(Beginning of Provided data)

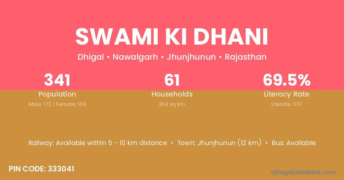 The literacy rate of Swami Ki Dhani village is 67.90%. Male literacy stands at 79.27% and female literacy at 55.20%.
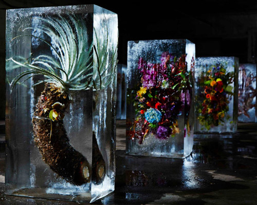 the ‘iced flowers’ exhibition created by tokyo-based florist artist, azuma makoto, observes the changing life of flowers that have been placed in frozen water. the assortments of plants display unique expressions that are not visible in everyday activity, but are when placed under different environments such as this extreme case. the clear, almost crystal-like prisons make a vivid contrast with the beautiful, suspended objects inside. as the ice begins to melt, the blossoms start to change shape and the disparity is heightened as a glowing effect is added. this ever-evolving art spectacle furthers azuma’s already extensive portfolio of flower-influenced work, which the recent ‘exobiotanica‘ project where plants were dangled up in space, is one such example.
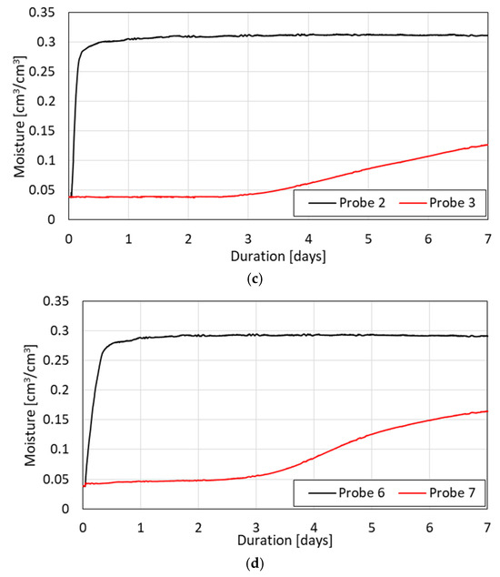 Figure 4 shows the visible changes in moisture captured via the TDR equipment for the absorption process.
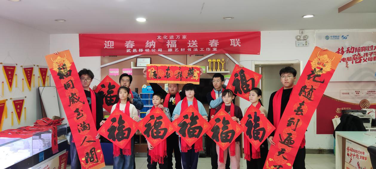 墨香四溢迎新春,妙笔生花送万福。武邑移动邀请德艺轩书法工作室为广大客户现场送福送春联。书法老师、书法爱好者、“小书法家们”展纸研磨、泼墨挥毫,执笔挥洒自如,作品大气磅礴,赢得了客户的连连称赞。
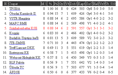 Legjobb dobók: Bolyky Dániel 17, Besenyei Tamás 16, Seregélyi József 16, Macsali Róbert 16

(End of Provided data)

* Task requirements
Reproduce the listing exactly, images omitted.

* Exercise output
 The literacy rate of Swami Ki Dhani village is 67.90%. Male literacy stands at 79.27% and female literacy at 55.20%.
 the ‘iced flowers’ exhibition created by tokyo-based florist artist, azuma makoto, observes the changing life of flowers that have been placed in frozen water. the assortments of plants display unique expressions that are not visible in everyday activity, but are when placed under different environments such as this extreme case. the clear, almost crystal-like prisons make a vivid contrast with the beautiful, suspended objects inside. as the ice begins to melt, the blossoms start to change shape and the disparity is heightened as a glowing effect is added. this ever-evolving art spectacle furthers azuma’s already extensive portfolio of flower-influenced work, which the recent ‘exobiotanica‘ project where plants were dangled up in space, is one such example.
 Figure 4 shows the visible changes in moisture captured via the TDR equipment for the absorption process.
 墨香四溢迎新春,妙笔生花送万福。武邑移动邀请德艺轩书法工作室为广大客户现场送福送春联。书法老师、书法爱好者、“小书法家们”展纸研磨、泼墨挥毫,执笔挥洒自如,作品大气磅礴,赢得了客户的连连称赞。
 Legjobb dobók: Bolyky Dániel 17, Besenyei Tamás 16, Seregélyi József 16, Macsali Róbert 16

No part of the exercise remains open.